8. This entry in the report covered Poor Richard Almanacks and Pocket Almanacks for the years 1752 through 1761. BF had prepared printer’s copy for the first seven issues of Poor Richard, Hall for the last three. Almost certainly BF had paid some mathematically inclined person (such as Thomas Godfrey during earlier years) to prepare the astronomical and other data for these almanacs by use of one of the available printed Ephemerides that gave calculations for several years ahead; these tables could be converted mathematically for application to a particular locality. Here and in the general observations at the end of this paper BF showed his belief that the basic rights in the almanacs belonged to him, not to the partnership.

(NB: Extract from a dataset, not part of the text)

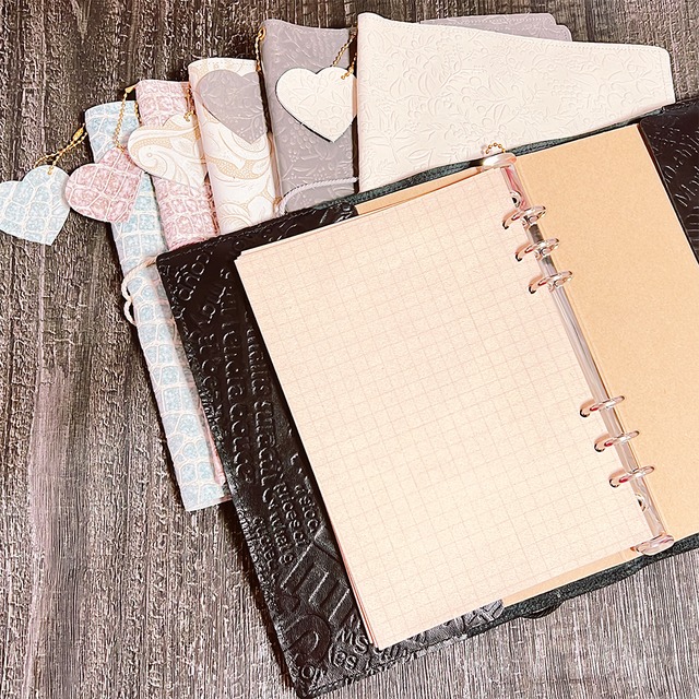 本革でハンドメイドされたA5サイズのカバーです。 イタリアからのインポートレザー、ブラックのみ国産レザーとなります 用途としては、身近にある100円ショップなどで販売されている「6リングA5バインダー」のサイズにピッタリでお作りしています。 もちろんA5サイズのノートやファイル、バインダーなどを厚みに合わせて着せ替えできるサイズ感です。 何のカバーにするかは、アイデア次第❤️ セット内容 ◎6リングA5バインダー用レザーカバー ◎自分でA5リフィル 20枚(8月新作ペーパー) ◎ハートチャーム(同レザー) ◎ノベルティ 5枚 ◎気まぐれプチおまけ ◎ランダムペーパー 10枚 見開きサイズ 横:約40cm、縦:約24cm ゴムどめ

9. In his explanatory letter Parker said that Hall “had no other Rule to ascertain” the value of the paper BF had supplied (shown in the report as “B-2”) than by the work books, though in the account of paper supplied by Hall (“A-2”) they had used the papermakers’ receipts and vouchers. BF appears to have preferred use of the work books in both instances.
1. The partnership agreement had provided that “all Charges for Paper, Ink, Balls, Tympans, Wool, Oil, and other Things necessary to Printing, together with the Charge of all common and necessary Repairs of the Press and its Appurtenances” should be shared equally by the partners. BF was displeased at the somewhat unsystematic way in which these expenses were shown in entries 14–17 in the report.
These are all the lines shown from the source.